First, a copy of my original posting:
______________________________________________________________________________
        Once in January and twice in the last 2 days, our 4/370 server has
        died or come very close to dying due to problems with our disk
        controller. The output into /var/adm/messages reads, typically:
        
Mar 9 23:05:24 sun-valley vmunix: xdc0: returned unmatched iopb addr fff003cc
Mar 9 23:05:32 sun-valley vmunix: xdc0: controller not responding
Mar 9 23:07:34 sun-valley last message repeated 5 times
Mar 9 23:08:18 sun-valley vmunix: xdc0: controller not responding
Mar 9 23:14:49 sun-valley last message repeated 12 times
Mar 9 23:15:19 sun-valley vmunix: xdc0: controller not responding
Mar 9 23:21:06 sun-valley last message repeated 12 times
Mar 9 23:21:24 sun-valley vmunix: xdc0: controller not responding
Mar 9 23:28:10 sun-valley last message repeated 10 times

        The unmatched iopb addr message appeared 2 out of 3 times. The other
        occurrence simply started with the controller not responding message.

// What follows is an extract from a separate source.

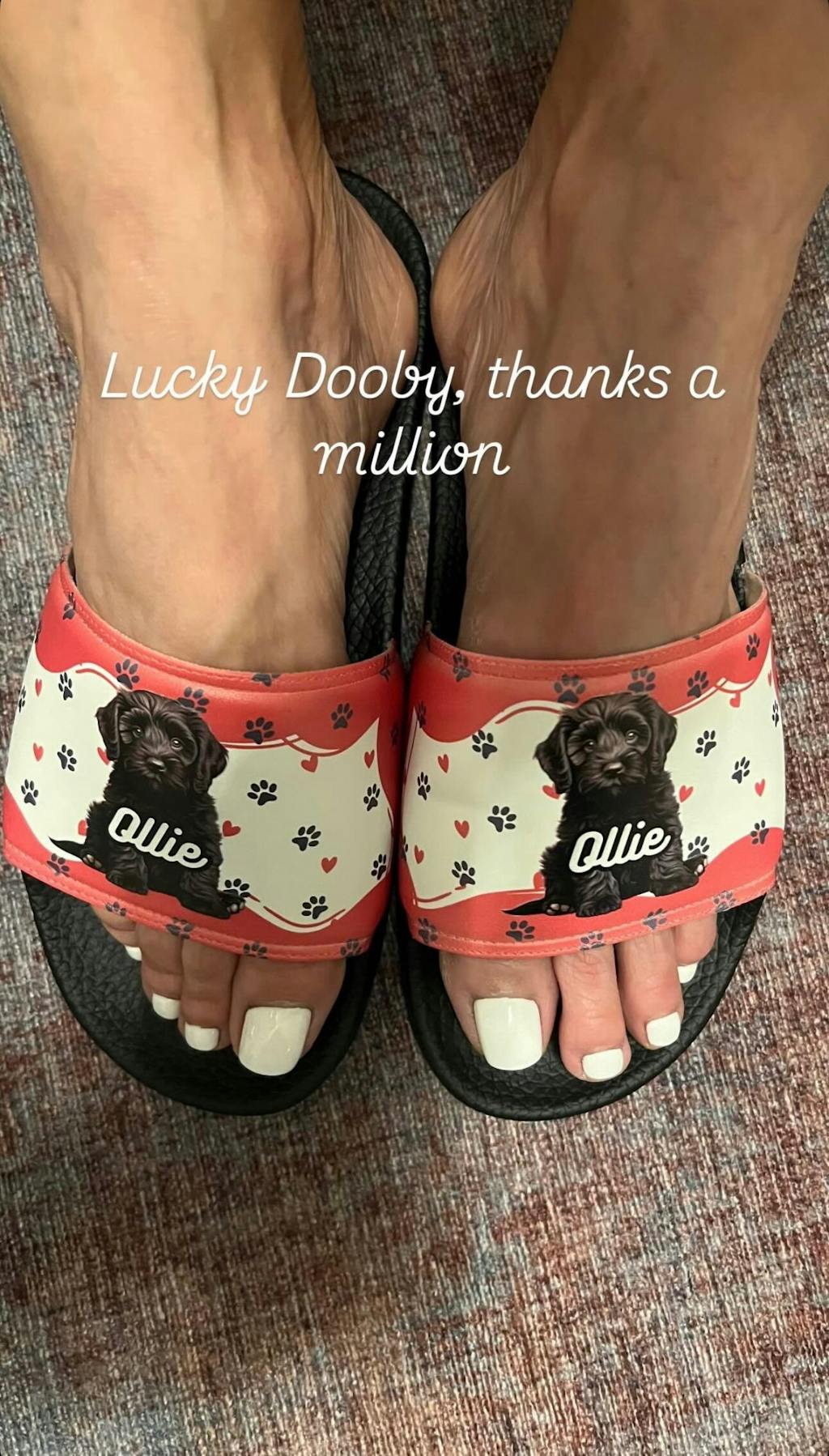 These Lucky Dooby slides are the best! Super comfy and they got Ollie’s face spot on. I’m obsessed—thank you so much!

        This continues for about seven hours. By this time, system performance
        has degraded to the point where logging in to the server is impossible.
        The first time, a user who was here early in the morning managed
        to L1-A and reboot the server. This morning, a different user
        reported that L1-A had no effect and he had to resort to power-cycling
        the machine. Unfortunately, I haven't been around with the system
        in this state to see exactly what's happening on the server.
        
        The machine is a 4/370 running SunOS 4.1. The controller,
        sitting in slot 7, is a Xylogics 753 with PROM E2186 2.22.
        The 753 has 3 Fujitsu M2382K disks on it.
        
        We've been running this setup since November without any problems.
        Has anyone run into this problem before? Is my controller going bad?
        Is this a problem with the software driver? Do I have the right
        PROM rev?
        
        Any solutions/suggestions/wild guesses greatfully accepted.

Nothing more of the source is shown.